O presidente da Câmara, Arthur Lira (PP-AL), disse em rede social que o projeto de suspensão da dívida gaúcha será votado ainda esta semana pelo plenário da Casa.
No Palácio do Planalto, Haddad disse que o governo federal não tem um limite estipulado para bancar as medidas de ajuda ao Rio Grande do Sul. "À medida que os problemas forem sendo dimensionados, nós vamos tomar medidas. É muito difícil a essa altura prever até onde nós vamos chegar. Não tem uma estimativa segura", afirmou.
Segundo ele, a reconstrução da infraestrutura é essencial para um estado que tem indústria e é exportador.

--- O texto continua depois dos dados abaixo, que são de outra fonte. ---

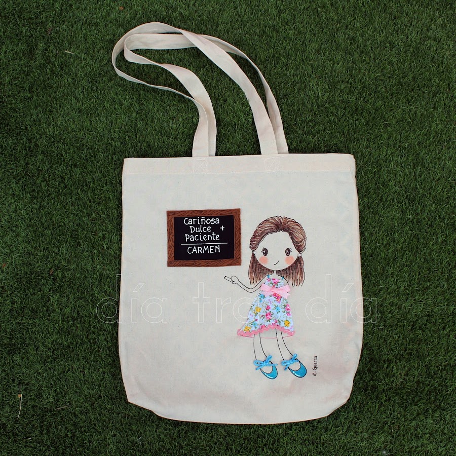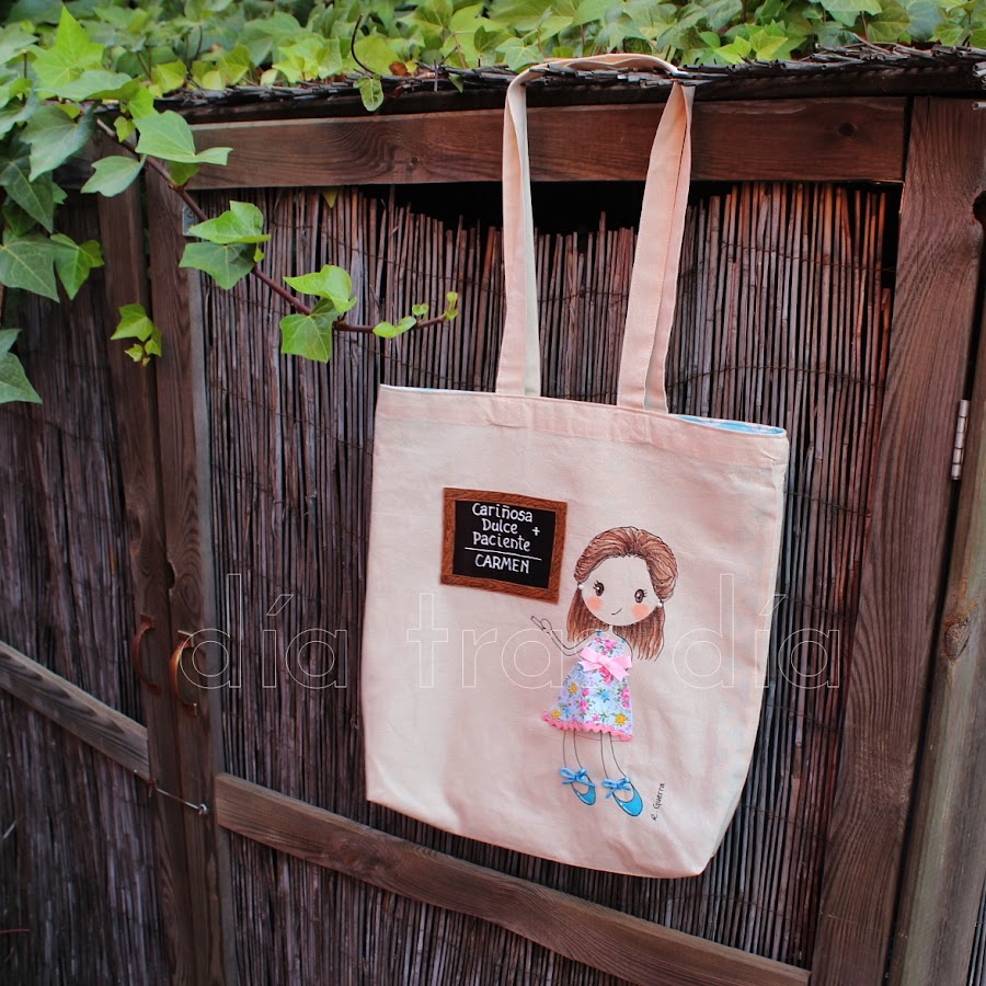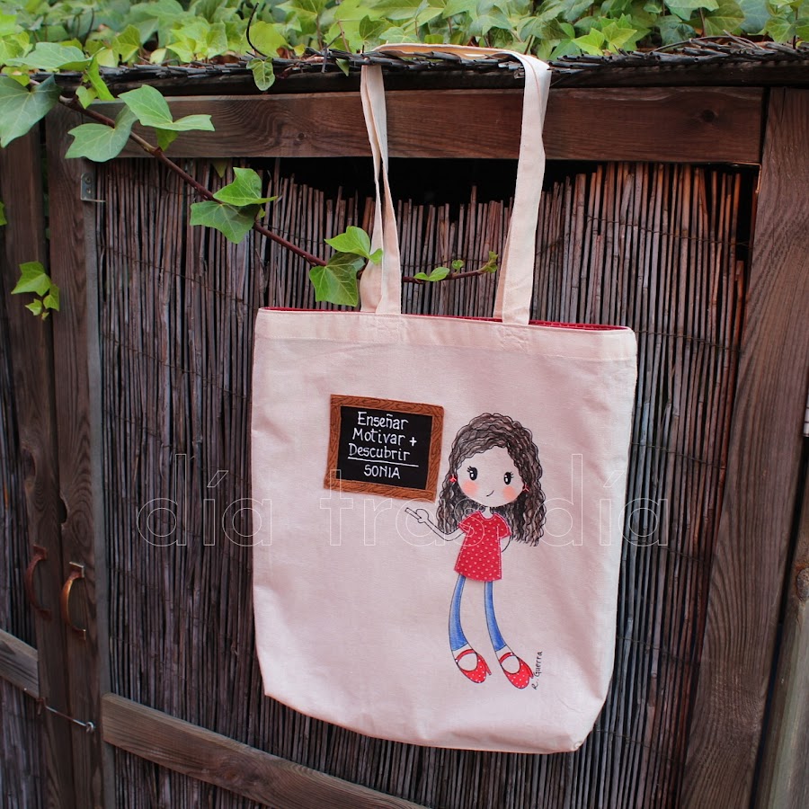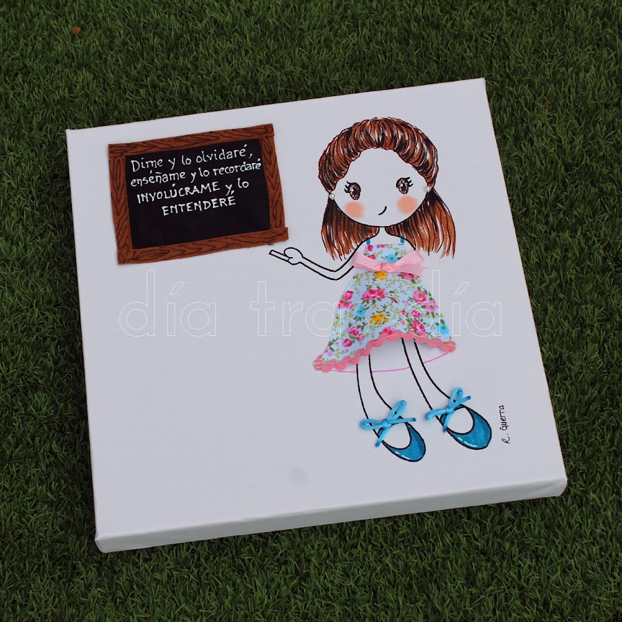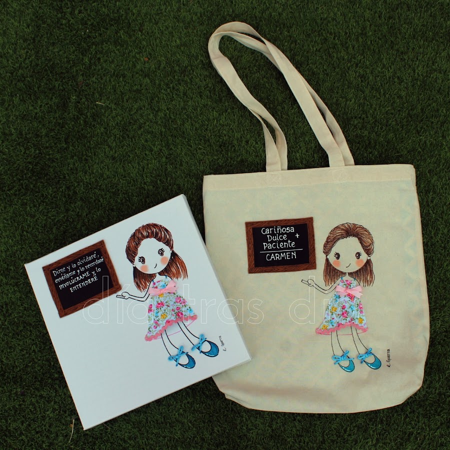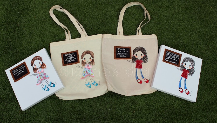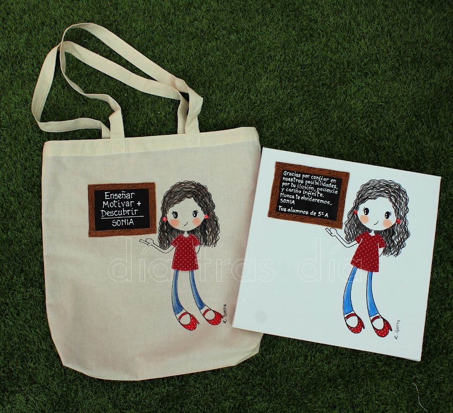 Esa vez Concha quiso que hiciera un bolsoy un lienzo decorados con maestras personalizadas para Sonia y Carmen.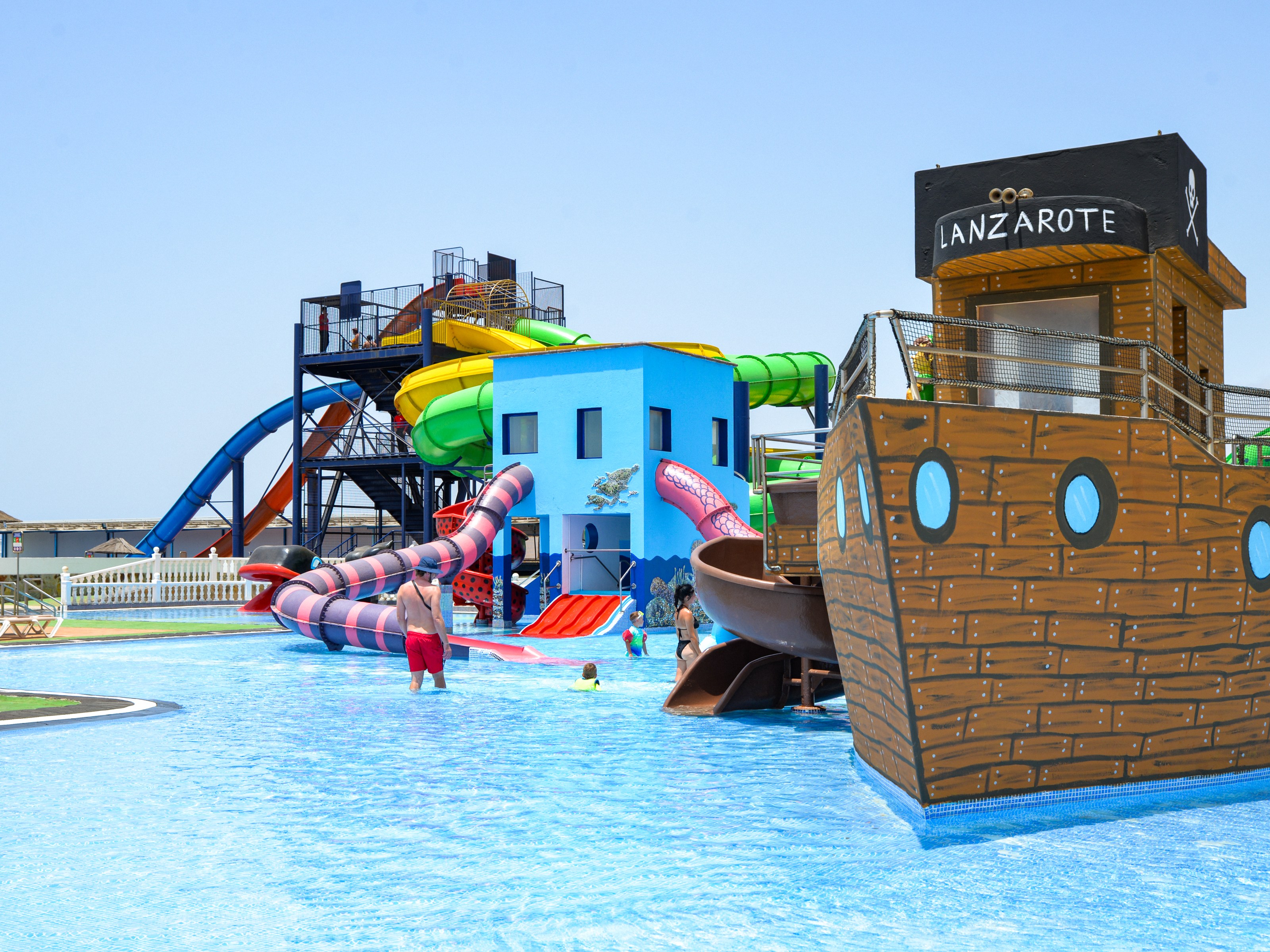 Aquapark Costa Teguise logo with a cartoon duck and water splash.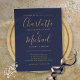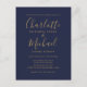 Com nomes em estilo de assinatura, este convite de casamento azul marinho e dourado pode ser personalizado com suas informações em letras elegantes. Criado por Thisisnotme©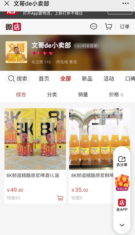文哥还在公众号的小店里卖啤酒,目前销量较低,相信后期文哥的名气更大了,粉丝多了,还会出更多新的产品。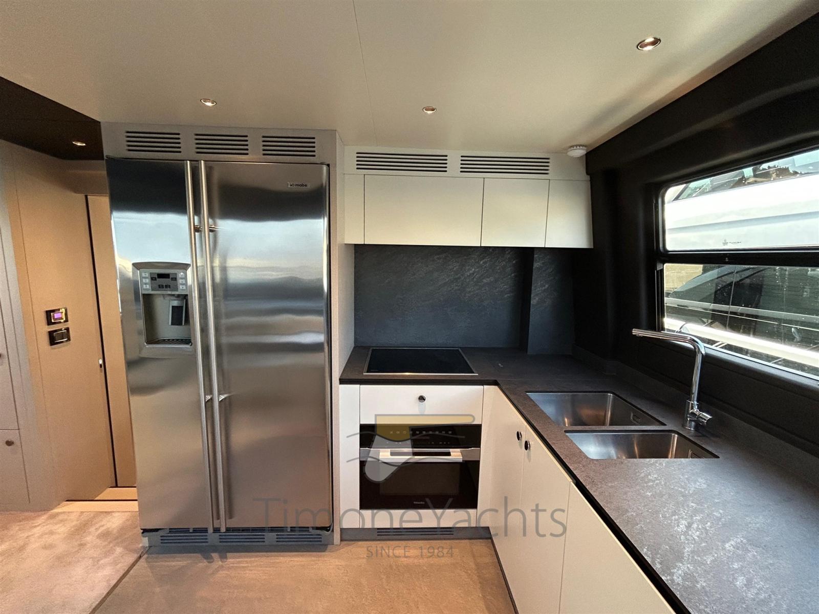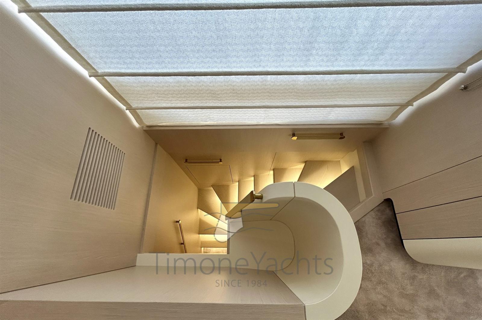 Lancé par Azimut Yachts en 2021, Time Out est un yacht à flybridge de style classique avec des spécifications avancées : stabilisateur Seakeeper NG 26, propulsé par 3 moteurs Volvo de 1000 cv chacun, dessalinisateur 180 l/h, hard top Etna Grey, peinture de coque Ischia Grey, finitions en teck dans les zones extérieures, lumières sous-marines OceanLED, pack de navigation Raymarine Gold, et bien d’autres options et solutions utiles.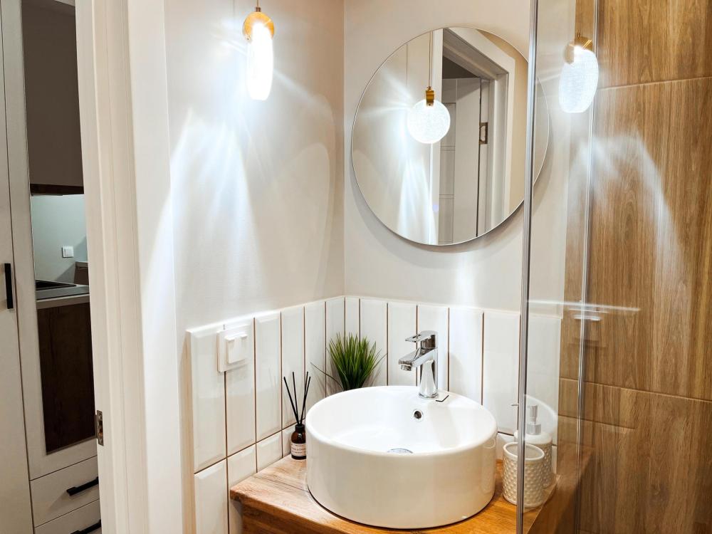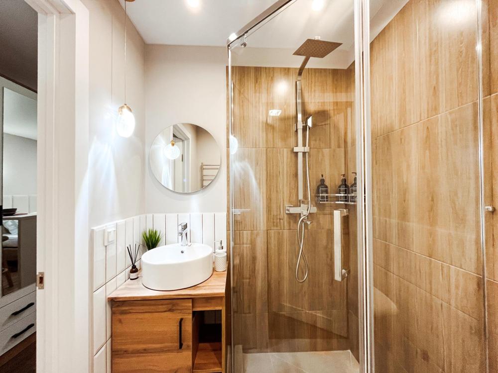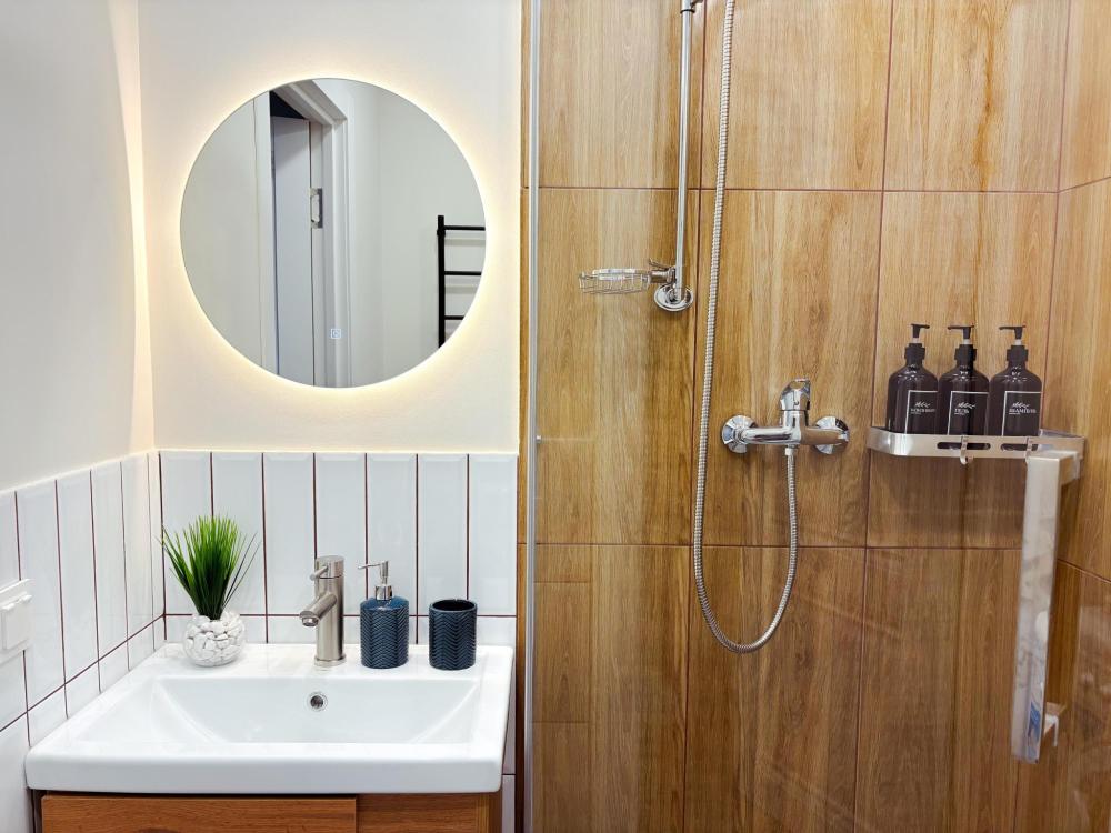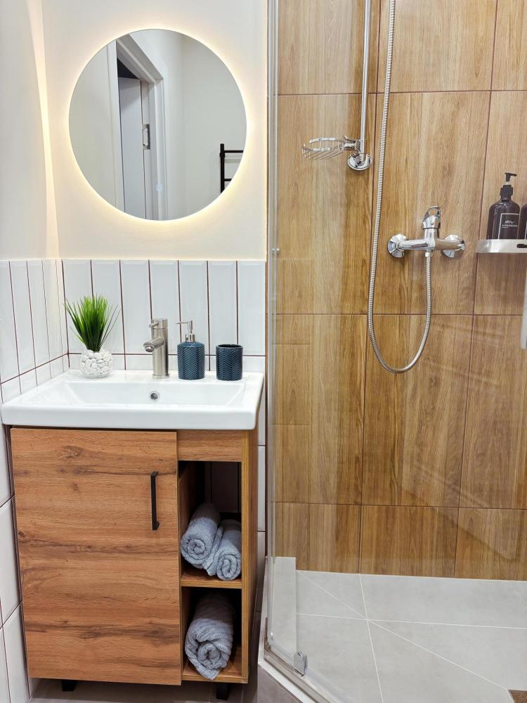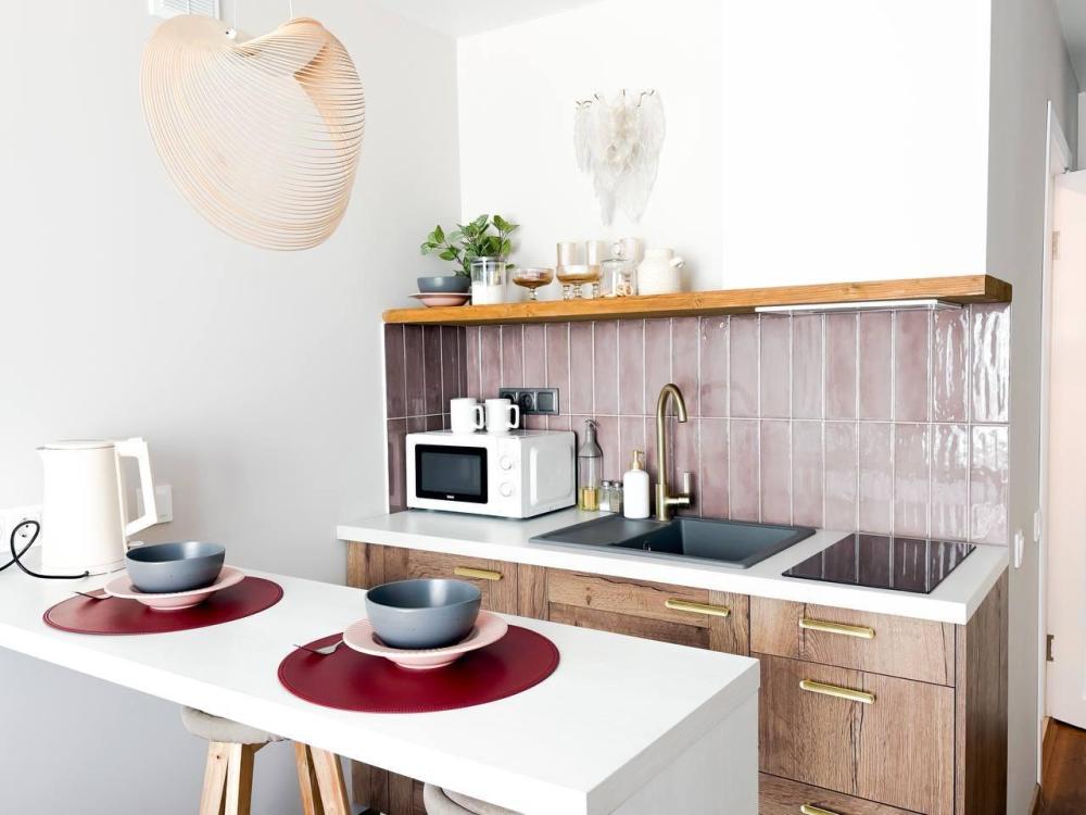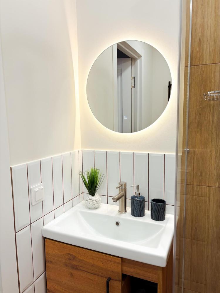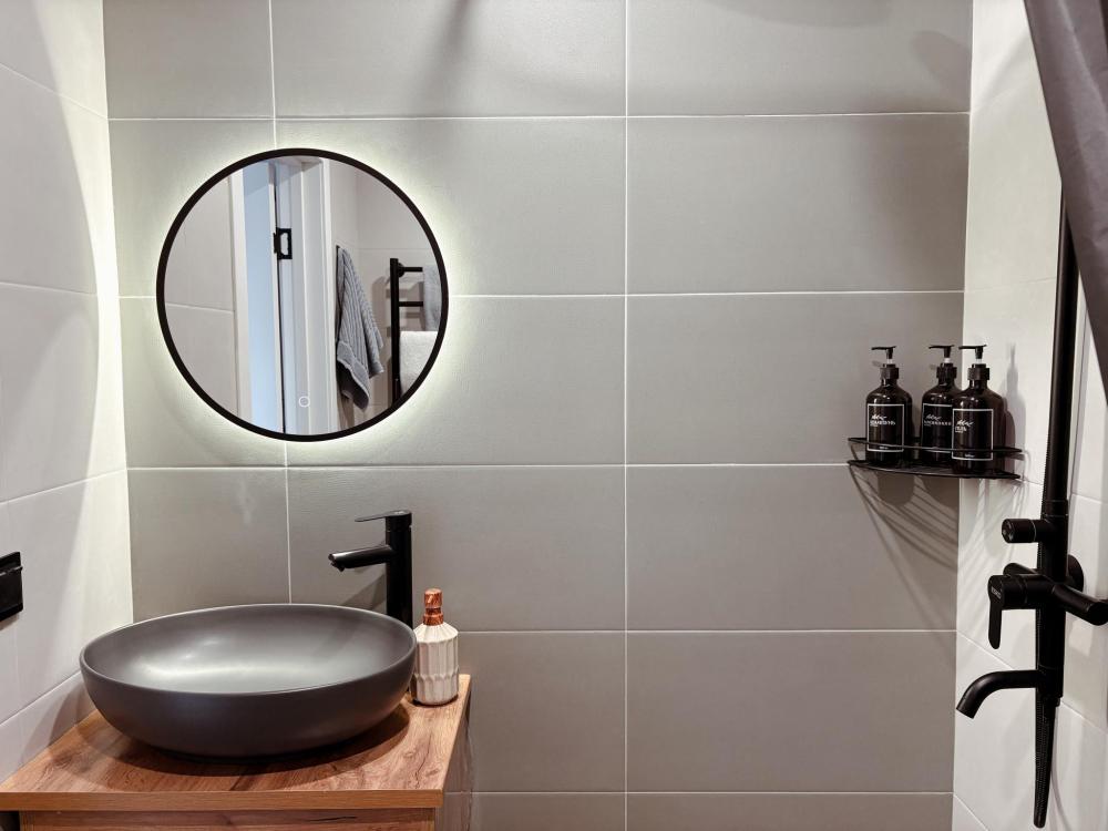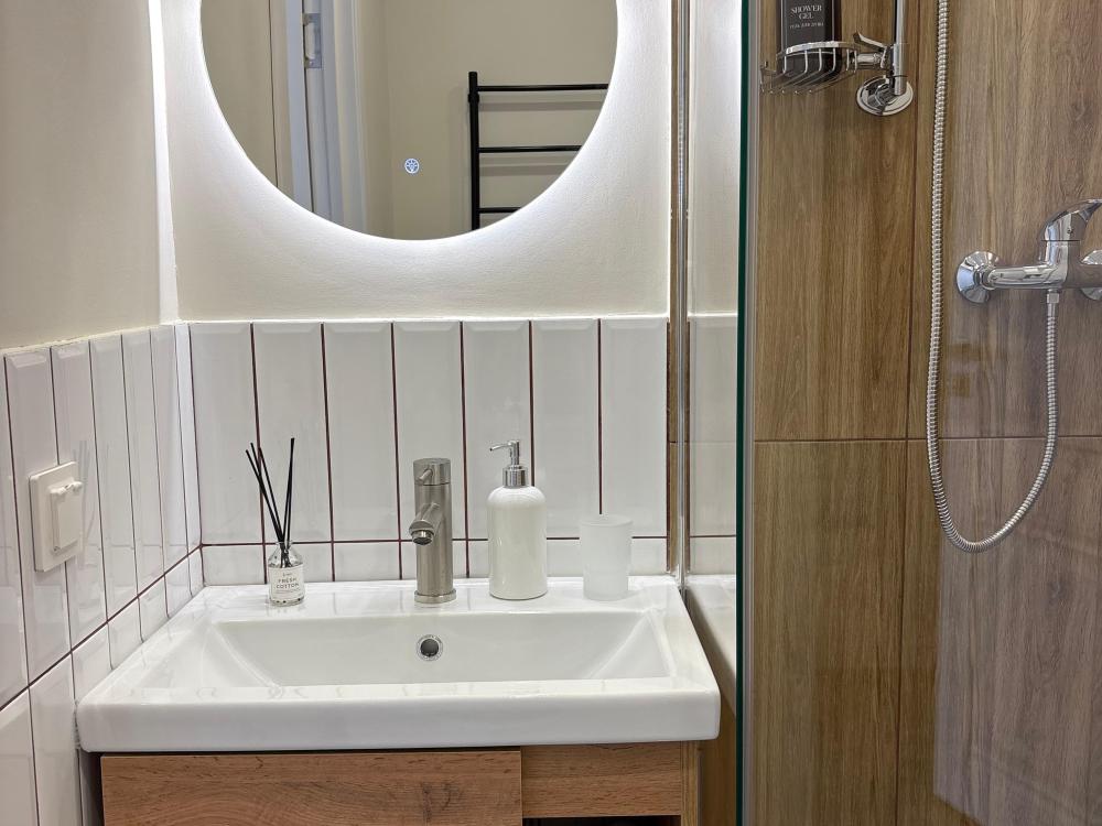 Уютные апартаменты студия. В апартаментах возможно как размещение с двуспальной кроватью, так и размещение с раздельными кроватями. Качественный текстиль, интернет и телевидение (ULTRA HD), стиральная машина, кондиционер, шторы настоящий блэкаут. Апартаменты полностью укомплектованы, чтобы гости могли получить максимальный комфорт. В апартаментах есть: утюг и гладильная доска, электрический чайник, холодильник, кондиционер, полотенца для тела, лица, гигиенический душ, гель для душа, качественный шампунь и кондиционер для волос, а также куча приятных мелочей как ватные диски, предметы гигиены и прочее.

"Nós não podemos colocar o crescimento econômico do país a perder em função de falta de infraestrutura. Precisa de aeroporto, precisa de estrada, precisa de tudo para a economia funcionar normalmente", disse.
"Se você economizar agora nisso, você vai ter um prejuízo no crescimento econômico medonho. É um estado pujante, é um estado que precisa crescer mais e não menos. Isso só vai acontecer se a infraestrutura estiver recuperada", alertou o ministro.
Inicialmente, o governo federal planejava suspender a dívida do Rio Grande do Sul durante o período da calamidade. Lula propôs e o Congresso aprovou um decreto legislativo que reconhece o estado de calamidade pública, em decorrência da tragédia climática no Rio Grande do Sul, com duração até 31 de dezembro de 2024.
Nesse período, o alívio seria de R$ 3,5 bilhões. O período da suspensão, porém, foi ampliado em negociações internas dentro do governo. Como mostrou a Folha de S.Paulo, especialistas já calculam uma necessidade de até R$ 100 bilhões para o estado conseguir recuperar sua infraestrutura após os danos causados pelas enchentes.
No Congresso, Pacheco também usou um debate com prefeitos para voltar a cobrar uma solução para a reoneração da folha de pagamento dos municípios. "Tenho a firme convicção que o momento não poderia ser mais propício para essa negociação. Foi preciso um evento das dimensões da tragédia do Rio Grande do Sul para provar que todos estamos no mesmo barco", disse no plenário do Senado.